In a Canadian territory in Montreal, 60 individuals are hit with a  blend of symptoms which includes insomnia, impaired motor function, and hallucinations such as visions of the dead. A few conspiracy theories pinned the blame for this sickness on cellphone towers and Covic shots. A handful of hundreds have become sick from this anonymous infection in the past six years, and six individuals have died. These are a few plots of a secret that has stumped the health and medical establishments, has attracted in the eye-balls of neurology specialists, and has scared the residents of New Brunswick, an area of 770,000.

This disease came into notice for the very first time in the year 2015, when Dr Alier Marrero, observed these symptoms in a patient including depression, rapidly progressive dementia and muscle pains. The number Of these patients started increasing and ranged in the age bar of18 to 84.
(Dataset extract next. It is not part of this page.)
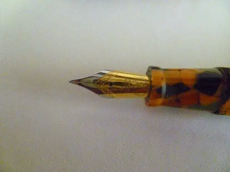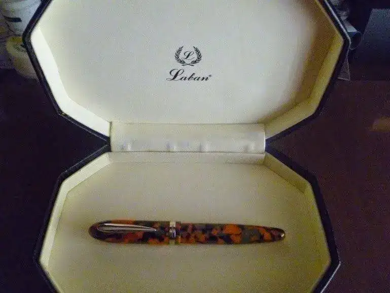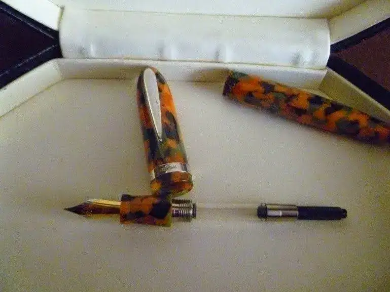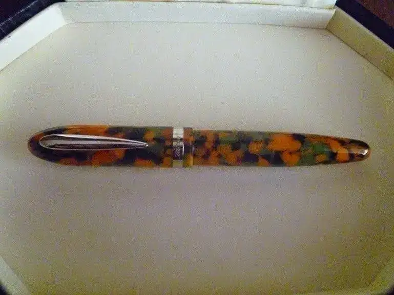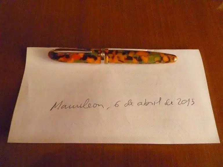 Se trata una pluma de gran tamaño, y cada vez soy menos "desmesurado". En resina con ornatos de plata rodiada, sigue el estándar de calidad de la marca, terminaciones y materiales de primera. Plumín bitono chapado "M". Incluye convertidor. Está en perfecto estado, como nueva, pues se ha utilizado muy poco.

This new medical condition was slow to acquire national acknowledgment. As the Canadian medical authorities had their hands full with battling, they were too entangled to decide upon the seriousness of this outbreak. This news was exposed after a memo about it was leaked to the press by New Brunswick’s chief medical officer. In that memo, there was no diagnosis given, he gave the sickness a prosaic working name: Neurological Syndrome of Unknown Etiology in New Brunswick. In that memo, he also notified health authorities and colleagues.

Dr Noil Cashman, a neurologist, said this illness was a whodunit of the kind, noticed rarely in a century. On the other hand, the doctors scrutinised the condition’s novelty.  Dr Michael Geschwind advised that what can appear to be a new kind of illness, can turn out to be a known infection that has not been analysed.